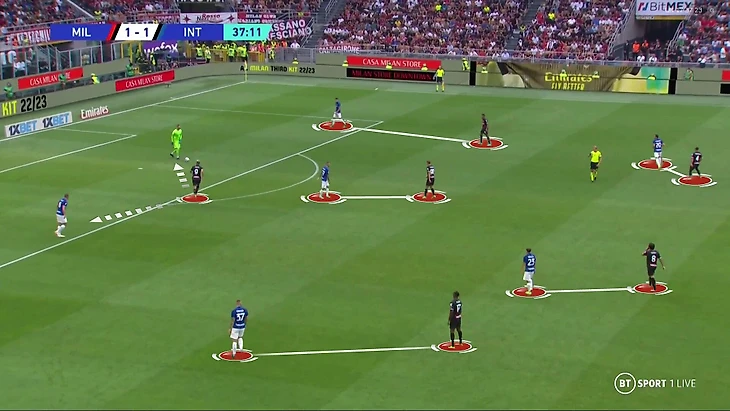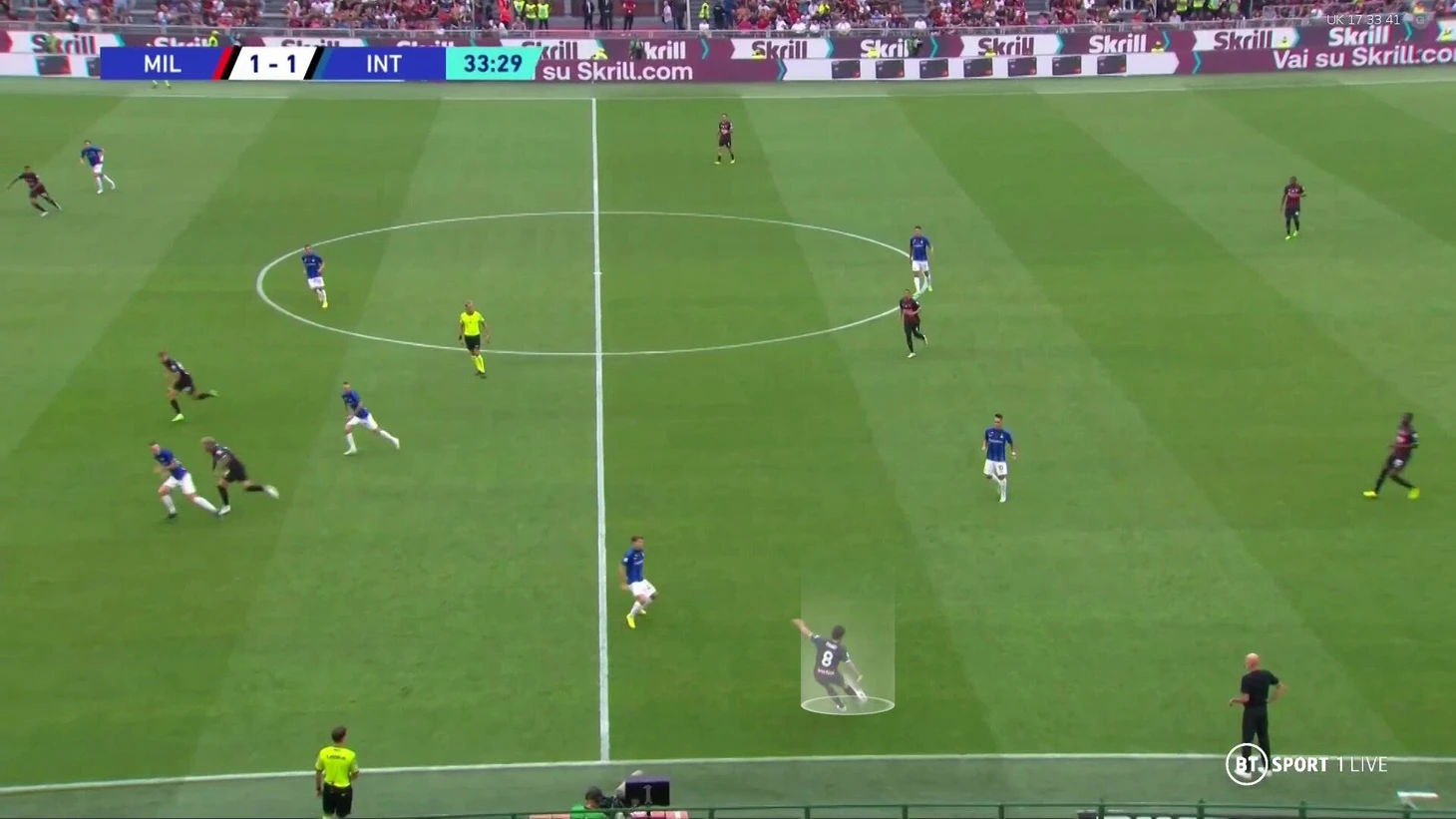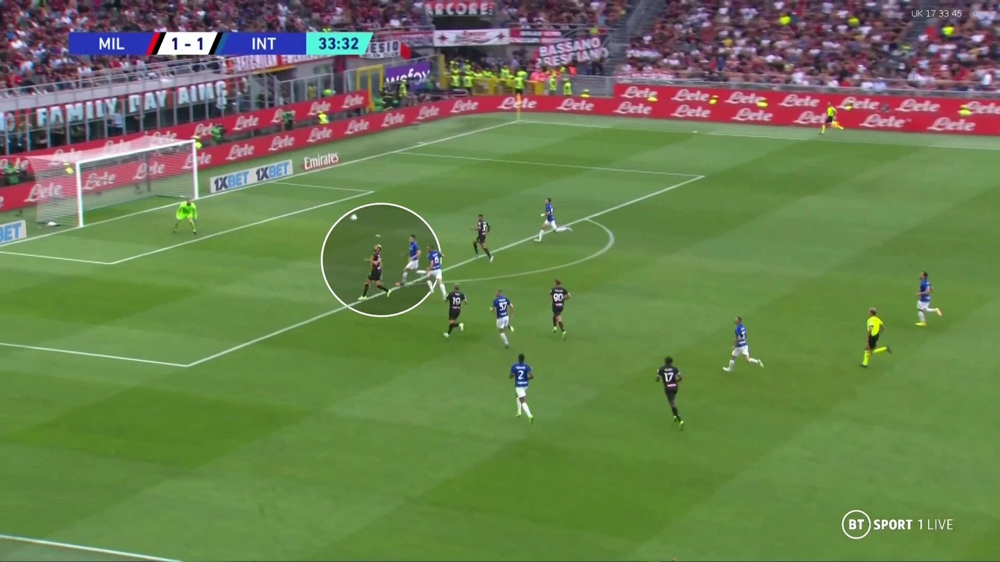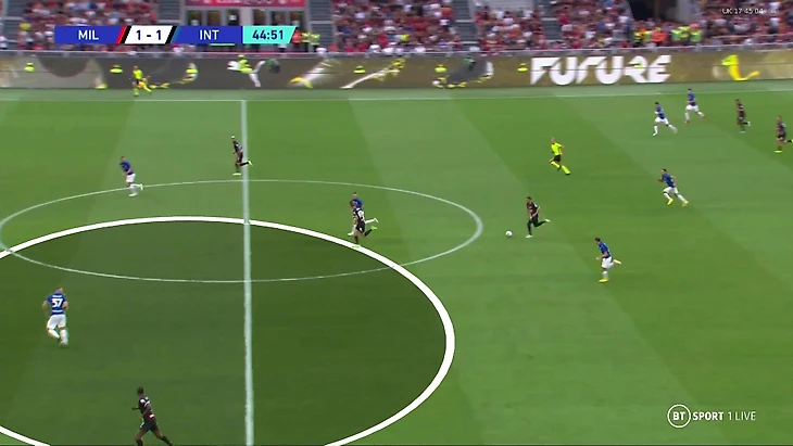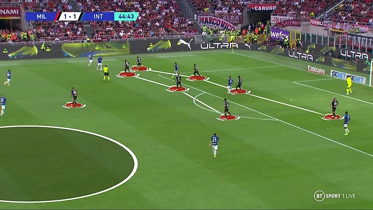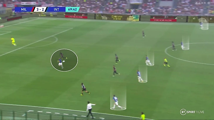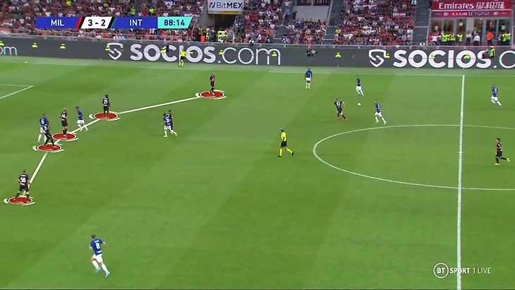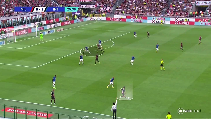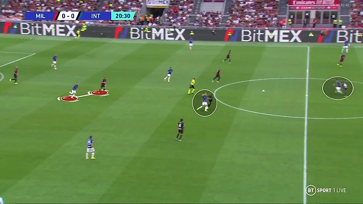 Отдельно нужно похвалить «Милан» за органичность переходов от персональной игры в зоне мяча к зонным смещениям в дальней части поля. Именно из-за уровня организации противодействовать такому давлению было очень трудно. Постепенно «Интер» вынужденно отказался от ввода мяча коротким пасом. Команда Индзаги не предложила вариантов розыгрыша, с которыми не справился бы «Милан» (хотя было одно исключение).
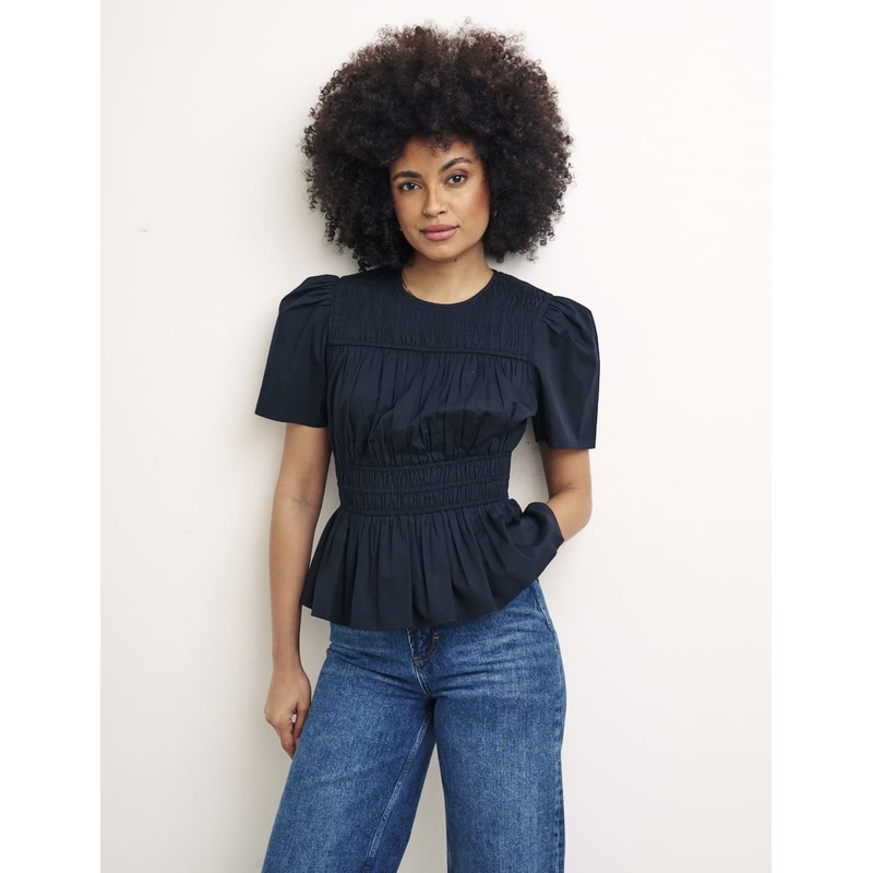 That cute top youve been looking for. Thea comes with gentle shirring and a flouncy peplum hem for a fit that always flatters. We love her with jeans.Round necklineShort sleevesShirred yoke panel detail on the front and back of the bodicePeplum hem that de
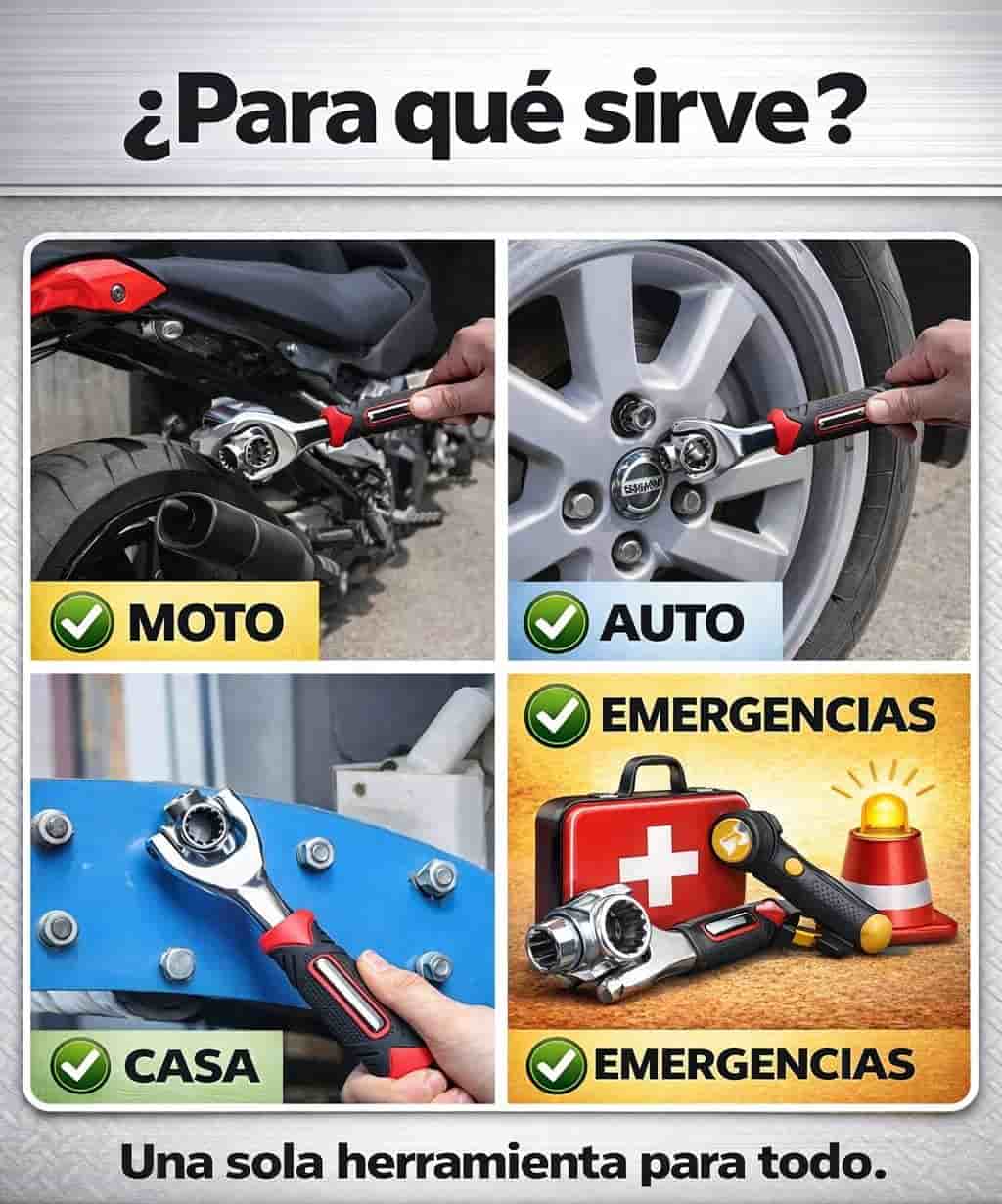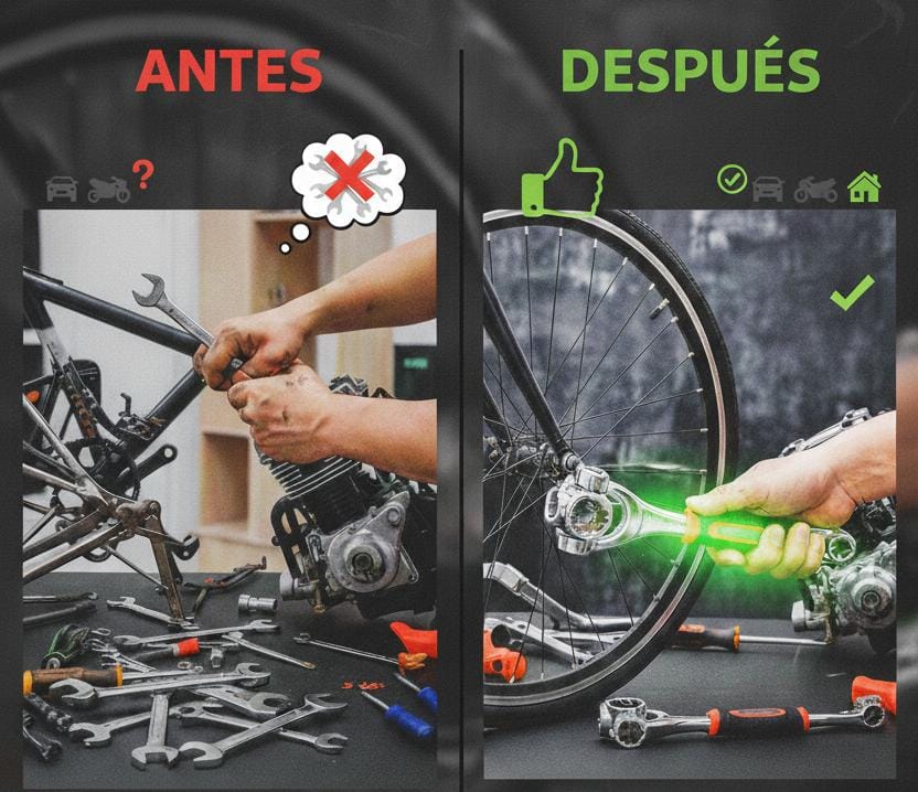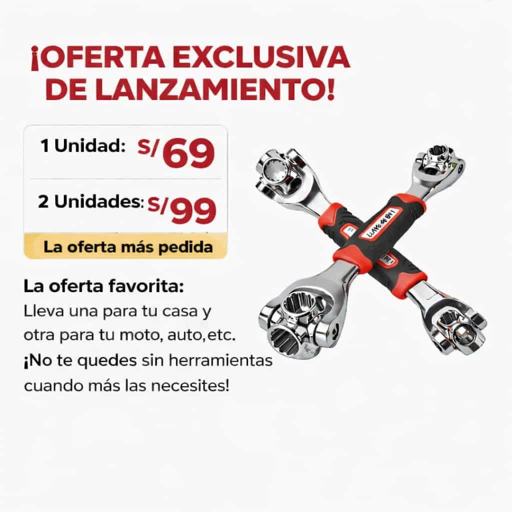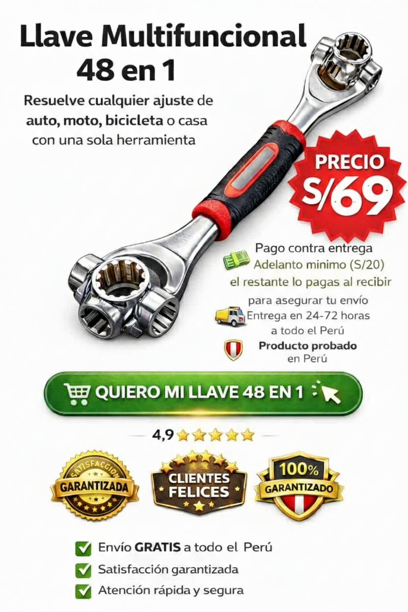 👉 La llave 48 en 1 combina múltiples medidas en una sola herramienta, permitiendo ajustar tuercas y pernos de distintos tamaños sin necesidad de cambiar de herramienta.
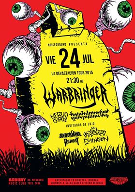 Los thrashers californianos de Warbringer pisaron por primera vez territorio argentino, luego de haber pasado previamente por el continente en países como Perú y Colombia, pero sin recalar en nuestro país. Finalmente se concretó el show en Asbury de la mano de Noiseground, acompañados de los brasileros Nervochaos y Hatefulmurder y varias bandas locales. De antemano ya prometía ser uno de los eventos thrasher del año, para enloquecer a un público que venía un tanto frustrado con las cancelaciones en los últimos meses de bandas como Toxic Holocaust, Municipal Waste o Coroner.
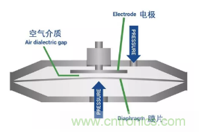 簡單地說,這些壓力傳感器是一種電容器,一種具有充電能力的裝置。當(dāng)壓力作用到傳感器內(nèi)部的膜片上時,膜片就會收縮,或向固定電極彎曲,并改變電容。這種物理變化會導(dǎo)致電子輸出的變化,該裝置可將壓力讀數(shù)轉(zhuǎn)換成電流或電壓值。
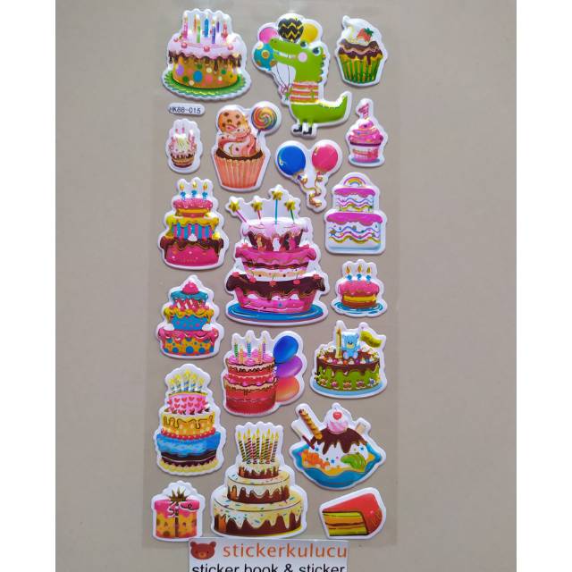 Stiker happy birthday tempel mika kotak box ulang tahun aksesoris cut balon ultah pesta party.

[What the task requires] Since only the text is wanted, repeat all the records above exactly and omit the pictures.

[Finished exercise]
 Отдельно нужно похвалить «Милан» за органичность переходов от персональной игры в зоне мяча к зонным смещениям в дальней части поля. Именно из-за уровня организации противодействовать такому давлению было очень трудно. Постепенно «Интер» вынужденно отказался от ввода мяча коротким пасом. Команда Индзаги не предложила вариантов розыгрыша, с которыми не справился бы «Милан» (хотя было одно исключение).
 That cute top youve been looking for. Thea comes with gentle shirring and a flouncy peplum hem for a fit that always flatters. We love her with jeans.Round necklineShort sleevesShirred yoke panel detail on the front and back of the bodicePeplum hem that de
 👉 La llave 48 en 1 combina múltiples medidas en una sola herramienta, permitiendo ajustar tuercas y pernos de distintos tamaños sin necesidad de cambiar de herramienta.
 Los thrashers californianos de Warbringer pisaron por primera vez territorio argentino, luego de haber pasado previamente por el continente en países como Perú y Colombia, pero sin recalar en nuestro país. Finalmente se concretó el show en Asbury de la mano de Noiseground, acompañados de los brasileros Nervochaos y Hatefulmurder y varias bandas locales. De antemano ya prometía ser uno de los eventos thrasher del año, para enloquecer a un público que venía un tanto frustrado con las cancelaciones en los últimos meses de bandas como Toxic Holocaust, Municipal Waste o Coroner.
 簡單地說,這些壓力傳感器是一種電容器,一種具有充電能力的裝置。當(dāng)壓力作用到傳感器內(nèi)部的膜片上時,膜片就會收縮,或向固定電極彎曲,并改變電容。這種物理變化會導(dǎo)致電子輸出的變化,該裝置可將壓力讀數(shù)轉(zhuǎn)換成電流或電壓值。
 Stiker happy birthday tempel mika kotak box ulang tahun aksesoris cut balon ultah pesta party.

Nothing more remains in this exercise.